VIENNA - Artificial intelligence (AI) offers value in characterizing nodules on CT lung cancer screening exams, possibly reducing the number of benign cases that are unnecessarily worked or followed up, according to a pair of Thursday presentations at ECR 2018.
Researchers from Geneva University Hospitals in Switzerland developed a machine-learning algorithm that considers textural image features as well as patient clinical and demographic data. They found that the algorithm was more accurate in characterizing lung nodules than a model based on clinical and demographic data alone.
Meanwhile, researchers from AI software developer Optellum reported that their deep-learning algorithm could rule out malignancy in up to 20% of benign nodules.
Radiomics and AI
In their study, the Swiss researchers sought primarily to assess the use of radiomics to predict the malignancy of solid lung nodules. Secondarily, they wanted to compare the performance of a machine-learning algorithm with the Brock model for estimating malignancy risk on pulmonary nodules.
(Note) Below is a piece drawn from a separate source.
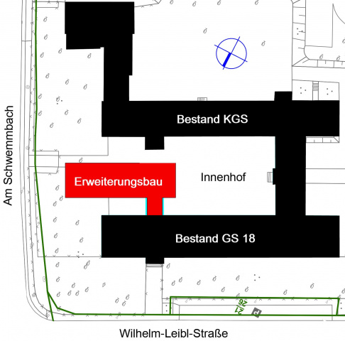 Der Erweiterungsbau wurde in den Abstandsbereich der Hauptgebäude der GS 18 und KGS platziert.
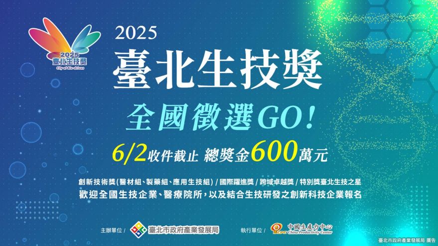 「臺北生技獎」自2004年開辦,為目前唯一由政府主辦、免報名費且總獎金最高,專屬生技產業的競賽,透過公平、嚴謹的審查機制與專業的審查團隊,成功徵選出全國近300件績優生技標的,頒發總獎金近1.2億元,榮耀光環成為企業形象加值最佳利器!

Using the U.S. National Lung Screening Trial (NLST) dataset, they initially gathered data for solid nodules 8 mm or larger with a primary lobar location. Of the 2,689 lung nodules in the trial, 561 were malignant and 2,128 were benign. There were 232 cases of adenocarcinoma and 115 cases of squamous cell carcinoma.
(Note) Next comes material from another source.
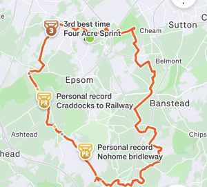 Lovely food at The Village Cafe, and a nice cosy local venue. Our return trip had us descending towards Langley Vale, heading for Ashtead Park before crossing the railway onto Ashtead Common. Bill elongated the journey back further by crossing into Horton Country Park and dropping down to the Hogsmill River for the final push.

Next, the researchers used 3D Slicer software to perform semiautomatic segmentation on a subset of 614 lung nodules, including 315 malignant nodules and 299 benign lesions that were chosen randomly. The malignant cases included 221 adenocarcinomas and 94 squamous cell carcinomas. Using the open-source Pyradiomics software, they then extracted more than 120,000 radiomics features from the CT images, as well as the patient's demographic and clinical data, said presenter Dr. Steve Martin.
Of the nodules included in the study, 80% were used for training the machine-learning algorithm, while 20% were set aside for testing. The machine-learning algorithm, which used principal component analysis (PCA) and a support vector machine (SVM) classifier, considers both the radiomics features and the patient's demographic and clinical data in characterizing the lung nodules, according to the researchers.
In testing, the algorithm yielded a high level of performance:
- Sensitivity: 96.9%
- Specificity: 93.3%
- Positive predictive value: 93.9%
- Negative predictive value: 96.6%
- Area under the curve (AUC): 0.983
The researchers also compared the performance of the algorithm with the Brock model, which estimates the risk of lung nodule malignancy based on clinical and demographic variables including age, emphysema, nodule location, gender, nodule size, nodule count, family history, nodule type, and speculation. The algorithm's AUC of 0.983 bested the Brock model's AUC of 0.797, and the difference was statistically significant (p < 0.001).
"Radiomics allows [for differentiation of] benign and malignant solitary lung nodules," Martin said. "The highest diagnostic accuracy was achieved when combining texture analysis and the Brock model."
Eliminating benign nodules
In the other ECR 2018 presentation, researchers from Optellum shared how their deep-learning algorithm could help avoid unnecessary workup in patients with benign lung nodules.
The Optellum group initially curated the entire NLST dataset, focusing on solid and semisolid nodules at least 6 mm in diameter. All malignant nodules and the earliest benign nodules were included for each patient, resulting in a total of 5,622 nodules from 6,325 patients. Among the 5,622 nodules, 4,842 were benign and 780 were malignant.
Next, the researchers trained a convolutional neural network (CNN) using fourfold cross-validation. In testing, they found that 19% of benign nodules could be effectively ruled out by the algorithm, while maintaining a 0% false-negative rate.
"This implies that we could potentially avoid unnecessary workup or follow-up of nodules, reducing patient stress and unnecessary procedures," said presenter Carlos Arteta, PhD.
This conclusion assumes that a similar nodule distribution would present in an incidental setting, he said.
"[In a screening setting], we are assuming that a large portion of the nodules that we would have ruled out [with the algorithm] would have been worked up otherwise," Arteta said.